Dengue is the most rapidly spreading mosquito-borne viral disease in the world and in the last 50 years incidence has increased 30-fold, with increasing geographic expansion to new countries. 50 to 100 million cases of dengue infection are reported annually and, according to WHO, approximately 2.5 billion people live in dengue endemic countries.
Dengue virus is a small single-stranded RNA virus comprising four distinct serotypes (DEN-1 to -4). These closely related, but antigenically distinct, serotypes of the genus Flavivirus, are responsible for dengue fever (DF) and dengue hemorrhagic fever (DHF). People can be infected from the bite of an infected Aedes mosquito, which become infected when biting infected humans to later transmit infection to other people. Dengue is, therefore, not contagious from human to human.
DF and DHF are primarily endemic diseases of tropical and subtropical areas including Southeast Asia and China, Africa, India, Middle East, Caribbean, Central and South America, Australia and the South and Central Pacific.
Clinical features: Infections produce a spectrum of clinical illness ranging from a non-specific viral syndrome to severe and fatal hemorrhagic disease. Symptomatic dengue virus infections are grouped into three categories: undifferentiated fever, dengue fever (DF) and dengue haemorrhagic fever (DHF). Clinical manifestations of typical uncomplicated dengue usually includes rash, sudden onset of fever, chills, sever headache, retro-orbital pain, sever joint and muscle pain, nausea and myalgias. Dengue haemorrhagic fever (DHF) includes all of the symptoms of dengue fever plus marked damage to blood and lymph vessels and bleeding from the nose, gums or under the skin. The illness can develop to severe disease and produce shock and plasma leakage with or without haemorrhage. Important risk factors for DFH include the strain of the infecting virus, as well as the age, and especially the prior dengue infection history of the patient.
Diagnosis: A diagnosis of acute infection with dengue virus can be made by isolating the virus or by detecting viral genome or antigen. Serologically, a primary infection with dengue virus results in detectable levels of IgM antibodies by the third afebrile day after infection.
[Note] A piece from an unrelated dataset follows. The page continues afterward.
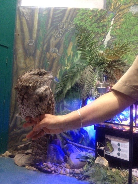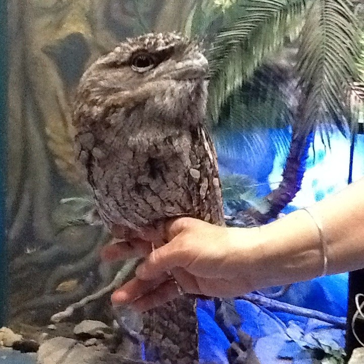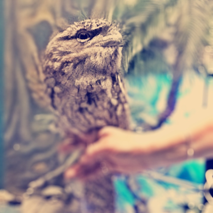 The Tawny Frog Mouth has no room for eye muscles.
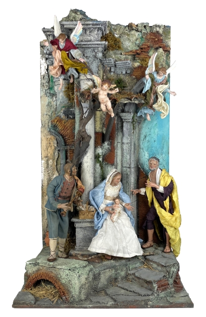Particolare presepe di manifattura napoletana con parti in ceramica dipinta e materiali sintetici dipinti,

These IgM antibodies persist for 1-2 months after infection. IgG antibodies are detected approximately 14 days after onset of primary infection. Secondary infections with dengue virus are characterized by a rapid increase in IgG antibody levels. Owing to the relatively late increase in antibody levels to a concentration that can be detected diagnostically, a negative result for an antibody test early in the course of disease is not definitive. Specimens should be collected at least 7 days after the onset of symptoms in order to rule out the possibility of an acute infection with dengue virus.
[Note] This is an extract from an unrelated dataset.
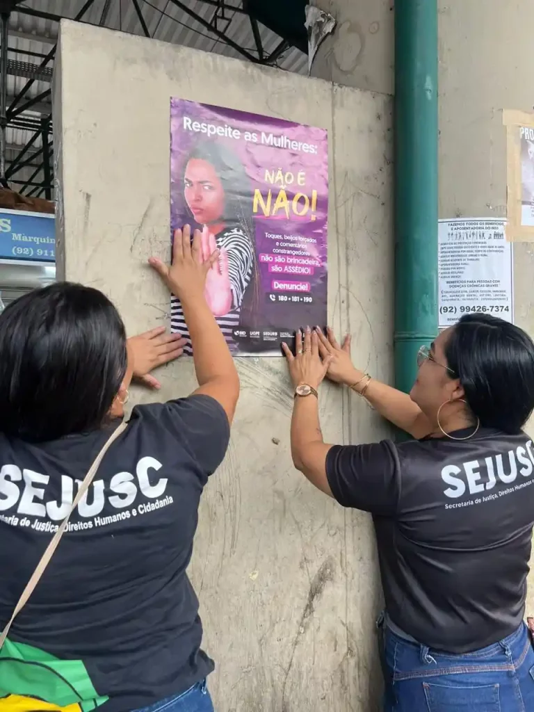 A Secretaria de Estado de Justiça, Direitos Humanos e Cidadania (Sejusc) realizou, nesta terça-feira (02/12), uma mobilização no Porto Terminal Hidroviário de Manaus, zona sul, em apoio ao “Dia M: Mulheres, Mobilidade e Mais Respeito”, data que reforça o enfrentamento à importunação sexual e outras violências contra mulheres. As abordagens também foram realizadas, simultaneamente, em todos os terminais de ônibus e na rodoviária, com entrega de informativos e orientação ao público.

Treatment: Dengue has a wide spectrum of clinical presentations that includes both severe and non-severe manifestations, often with unpredictable clinical evolution and outcome.
While most patients recover within 2 weeks following a self-limiting non-severe clinical course, a small proportion progress to severe disease. Intravenous rehydration is the therapy of choice. This intervention can reduce the case fatality rate to less than 1% of severe cases. The group progressing from non-severe to severe disease is difficult to define, but this is an important concern since appropriate treatment may prevent these patients from developing more severe clinical conditions.